If you need places to the right of the decimal point then work in smaller units and print the decimal as needed.
So for Radius = 5 to 3 decimal places with 30 degree sine, start with Radius * 1000 ( 1000 for 3 decimals ) .
(unsigned int) Rise = (unsigned long) 5000 * (unsigned long) 5000 / 10000UL = 2500U, print 2.500.

Nice work.

A word of caution: Serial is now interrupt driven. Be careful that you are benchmarking only your code instead of your code plus the interrupt service routine. Carefully placed calls to Serial.flush() solve the problem. Or, my preference, save the results in variables and only print after all tests are finished.

From what I have read, Serial output does not return until the last 2 bytes are in the USB chip.

That was true with older versions. The situation is now exactly the opposite. write simply queues the outbound byte and enables interrupts...
https://github.com/arduino/Arduino/blob/master/hardware/arduino/cores/arduino/HardwareSerial.cpp#L460

Changes made. Flush followed by delay before both timed loops.

But I must be doing something wrong because the table-lookup loop now takes 16 usecs longer though the float calculation method is shorter by 100's of usecs.

BTW,

Now 132 usecs for 91 lookup and add, 132 / 91 = 1.45 usec each on average.

Now 13848 usecs for 91 float sin() and add, 13848 / 91 = 152.18 usec each on average, over 100x as long!

Each are very minimal get and use value tests. Any more and floating point will rate even worse. :stuck_out_tongue:

GoForSmoke:
But I must be doing something wrong because the table-lookup loop now takes 16 usecs longer...

Which brings up the next caveat with performance benchmarking. To be able to compare one thing (table lookup) to another (sine) the optimizer has to start at the same place. Very likely some code above the table lookup section allowed the optimizer to take advantage of values already loaded in registers. (Or, the optimizer did something dumb in preparation of the code after the table lookup section.) In any case, the solution is to move each section of code to be bench-marked into a separate function with inlining disabled.

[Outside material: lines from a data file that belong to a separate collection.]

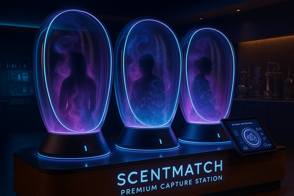 ScentMatch™ launches with twenty Premium Capture Stations across four major metropolitan areas, located in upscale venues including high-end fitness clubs, exclusive co-working spaces, and luxury cafes. These stations provide the comprehensive analysis that powers enhanced ring functionality and creates detailed compatibility profiles.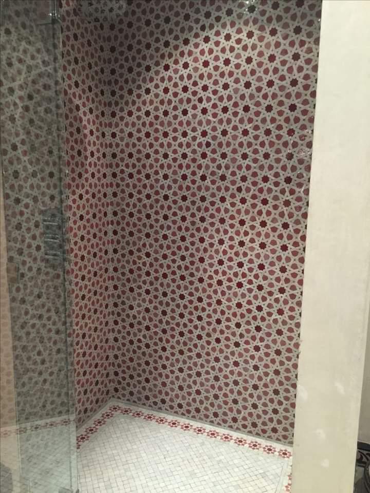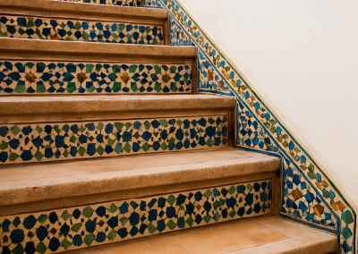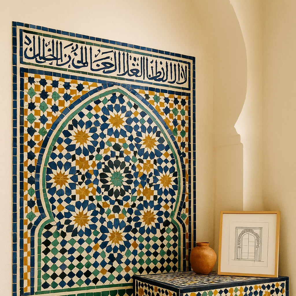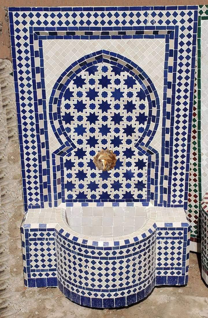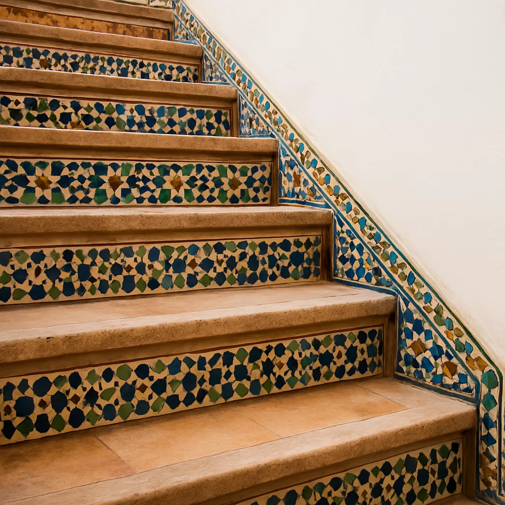 Installation experte de Zellij sur murs, sols, fontaines, patios ou escaliers. Un savoir-faire artisanal pour un rendu esthétique et durable.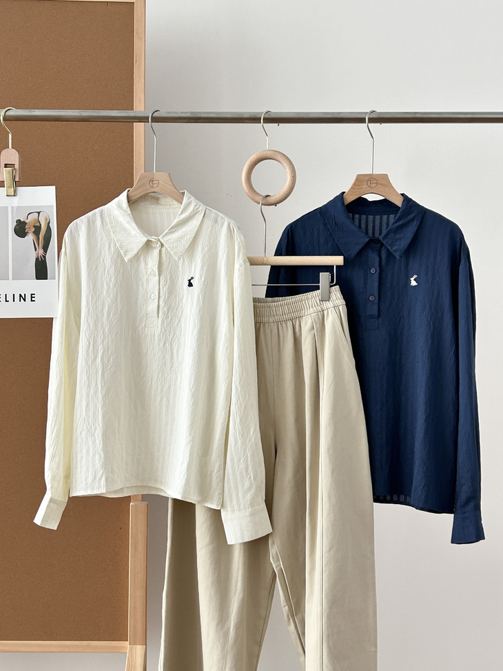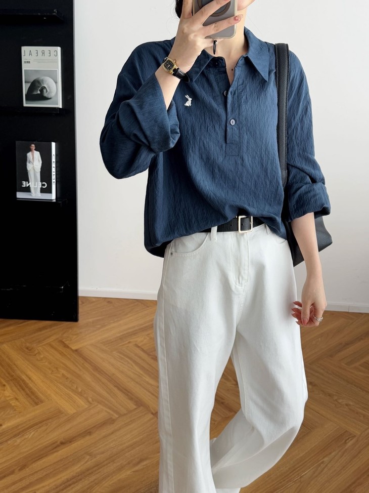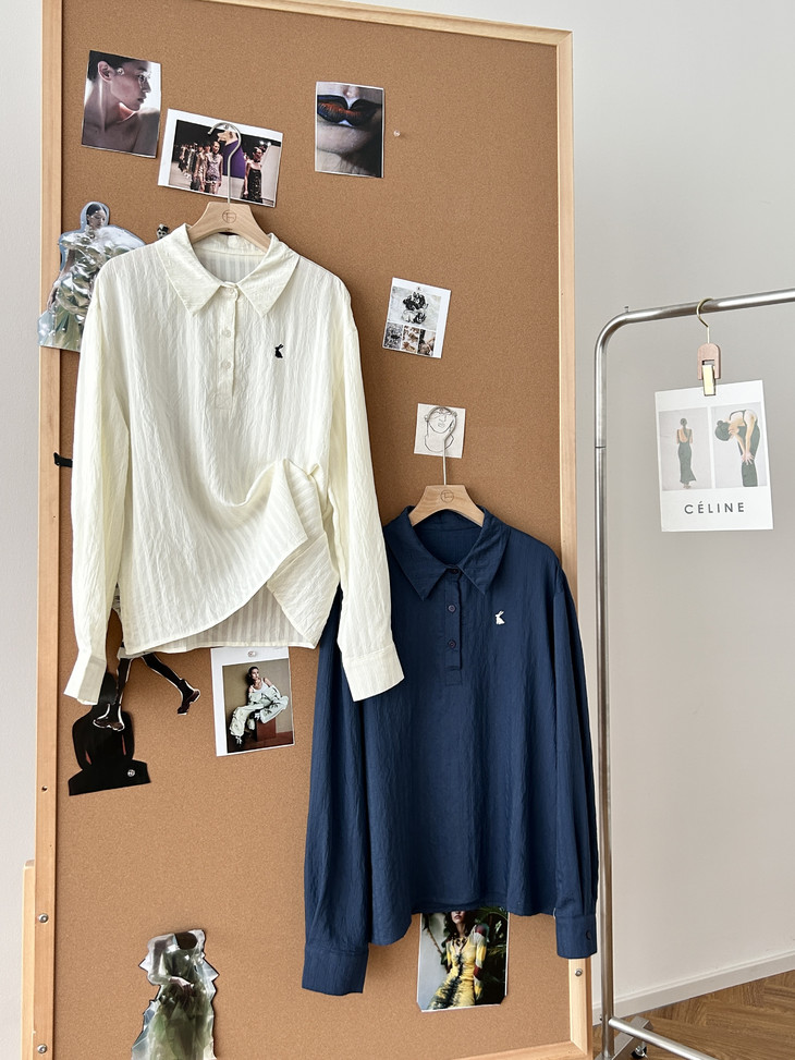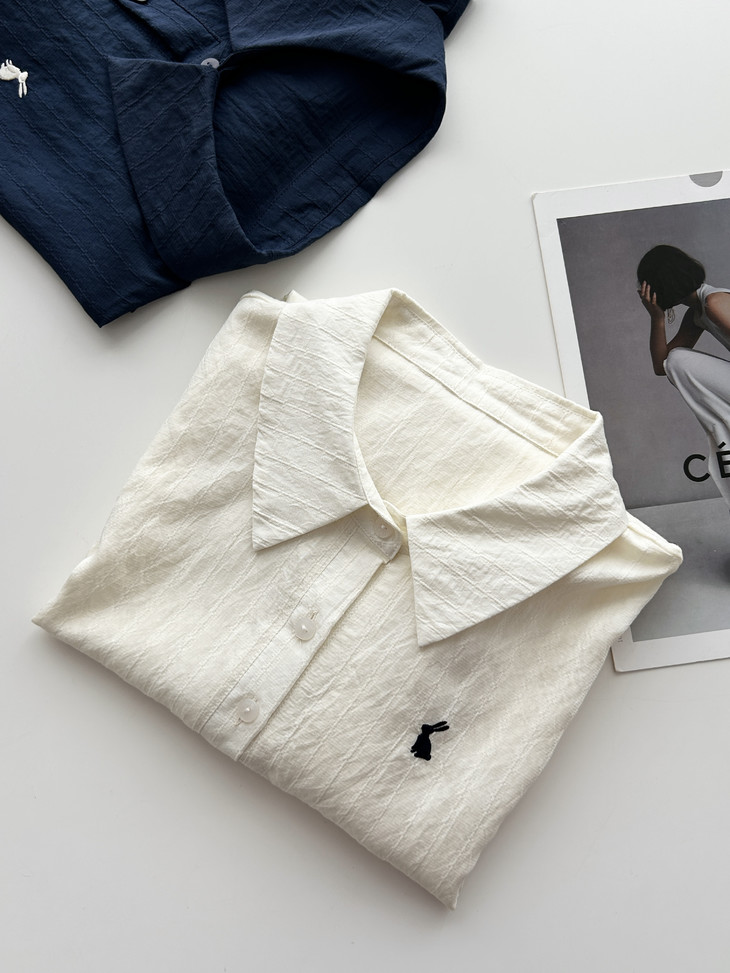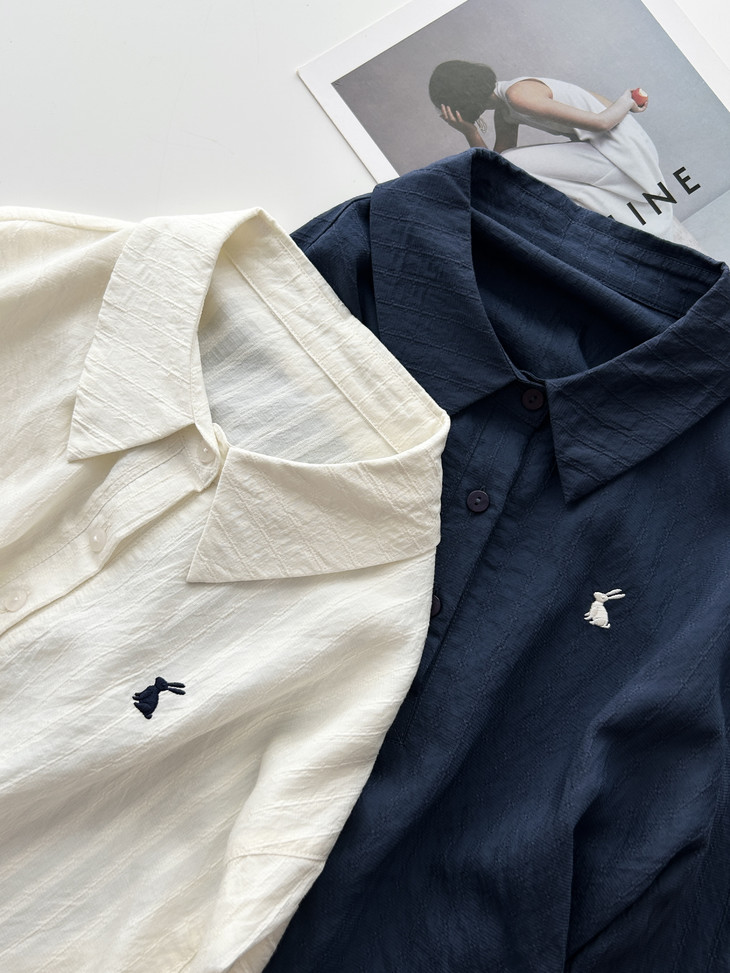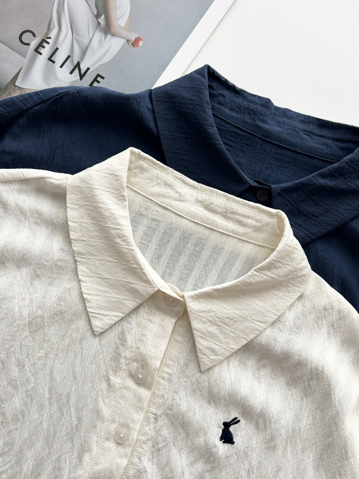 -团长碎碎念- 挖到宝了!这件早秋衬衫穿上身直接瘦一圈! 小兔刺绣长袖POLO衬衫真的绝了! 水洗工艺处理过的面料软糯得像棉花糖 贴身穿清凉透气,舒服到不想脱! 最戳我的是那个半开襟POLO领 巧妙遮住锁骨肉肉,搭配精致小兔刺绣 气质瞬间拉满,上班约会都能轻松hold住!. 除了原有的百搭清爽米白色! 特别增加了显瘦的藏青色,两个颜色都很绝! 我个人直接all in! 小众不撞款,通勤约会都百搭!答应我都去穿!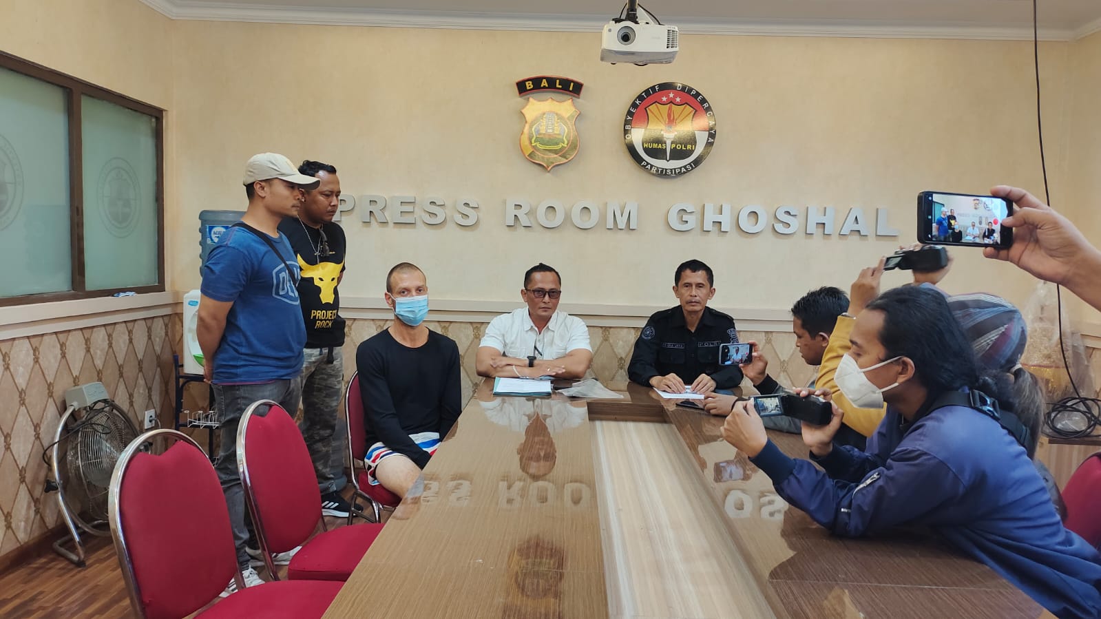 BALI – BUSERJATIM.COM. Saat Pressrilis di ruang Press Room Ghosal Bid Humas Polda Bali yang diwakili Kasubid Penmas AKBP Ketut Eka Jaya S.Sos., M.H., didampingi PS. Kasubdit 3 Ditreskrimum Kompol Made Adhiguna S.H.,M.H., membenarkan adanya WNA/bule yang di amankan karena kasus menghadang dan merusak mobil dinas Polri, kamis (15/6/2023).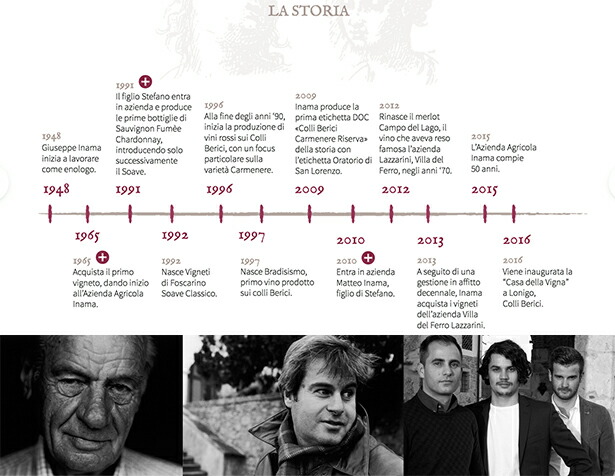 私の祖父のジュゼッペ イナマが第二次世界大戦後、トレンティーノからヴェローナに移り住み、ソアーヴェクラシコエリアの「アンセルミ」でワイン造りを始め、35年間働きました。アンセルミを務めた後、1970年代にソアーヴェクラシコ中心部に位置する「フォスカリーノ」に畑を購入し、祖父は休むことなく毎日畑を耕していきました。祖父の努力が今に繋がっています。「小さな犠牲であれば、結果も小さなものだが、大きな犠牲が大きな結果を産む」事をジュゼッペは私達に身をもって示してくれたと思っています。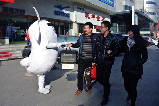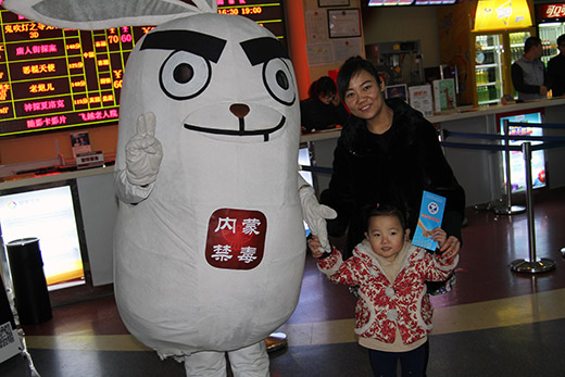 几个两米多高的“匪兔”卡通人物,前胸写着“远离毒品”“健康生活”“内蒙禁毒”等禁毒标语,后背贴着内蒙古禁毒官方微博、微信、APP的二维码,形象可爱、憨态可掬。2016年伊始,在内蒙古自治区首府呼和浩特多个繁华街道、大型商场、电影院、电玩城,忽然同时出现多个“匪兔”人偶,与路人、观众互动,宣讲毒品危害,号召不沾毒品。内蒙古禁毒卡通形象大使“匪兔”敷一亮相,就受到了广大群众,尤其是小朋友的欢迎。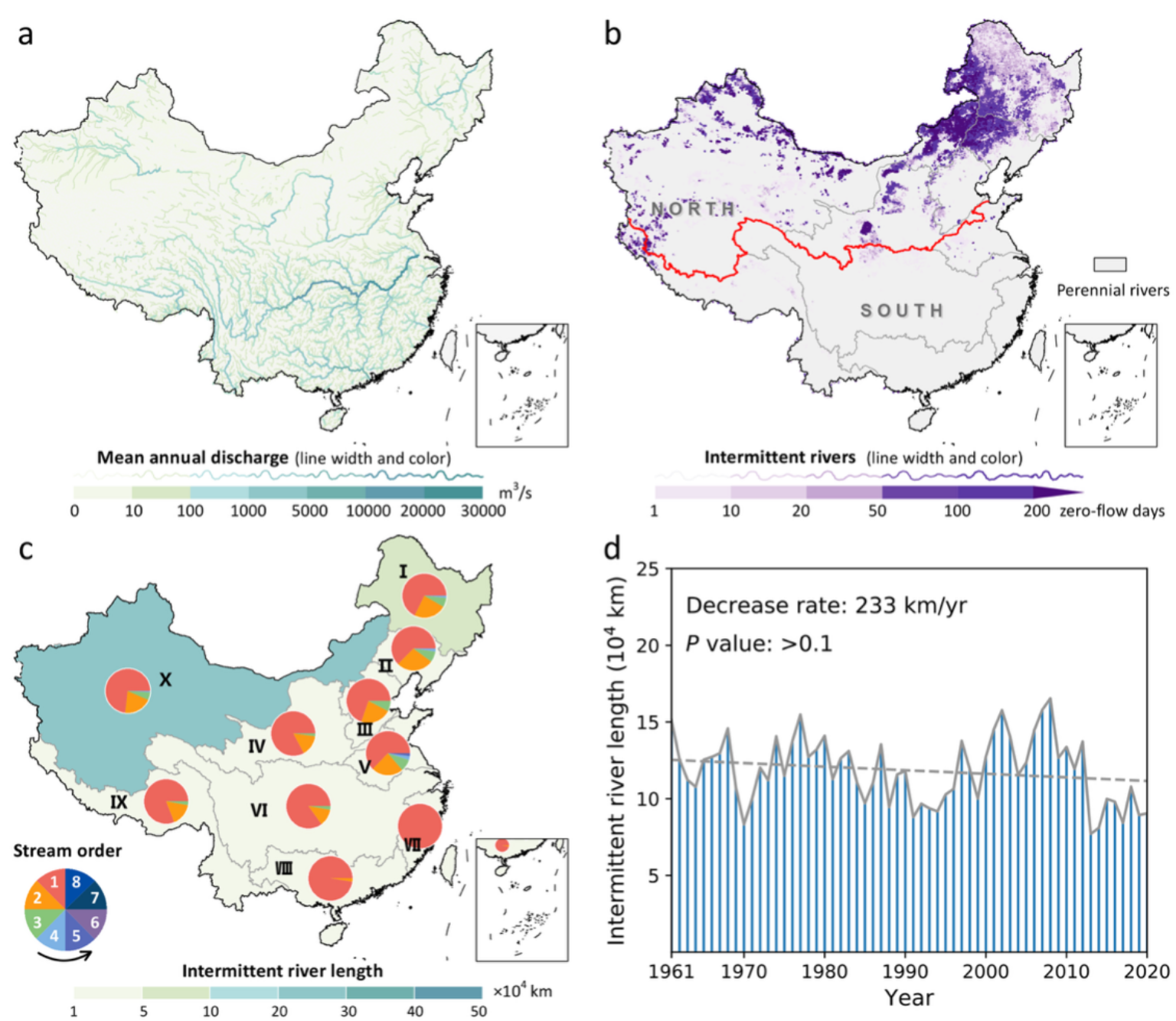 图3 我国1961–2020年间歇性河流的时空分布格局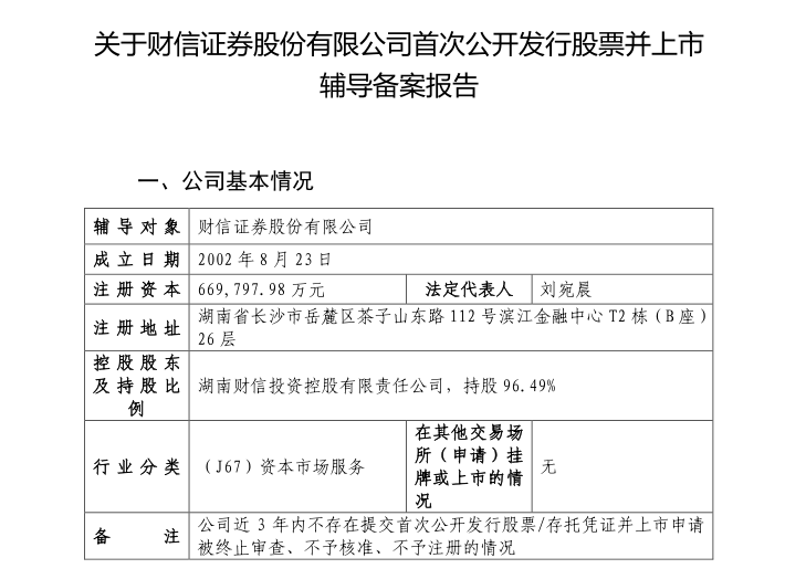 近日,证监会官网上公布了关于财信证券股份有限公司首次发行股票并上市辅导备案报告(以下简称辅导备案)。

...though the float calculation method is shorter by 100's of usecs.

That's what happened when I made a similar change.

Now 132 usecs for 91 lookup and add, 132 / 91 = 1.45 usec each on average.
Now 13848 usecs for 91 float sin() and add, 13848 / 91 = 152.18 usec each on average, over 100x as long!

Those look like the same numbers I was getting.

I figure that running a function means pushing a return address on the stack and a jump on exit, minimum.

If nothing else, I think those results speak highly for integer table use. That's how old flight sims were even possible.

What I think needs tabling most is anything that gets around using type float. Trig functions being a place to save some major cycles, I should add a table of sine squared's and one of roots. Cosine is just Sine read backward, you get 2 tables for the price of 1, 3 times over with squares and roots added.

Any kind of of data can be PROGMEM'd, including const-data-only Class Objects. Use a PGM_P pointer then cast it as a pointer to the object. If your objects are always the same size, you can INDEX by sizeof(object) bytes.

Should I update it to handle 32-bit PROGMEM values and show a 64-bit intermediate math example?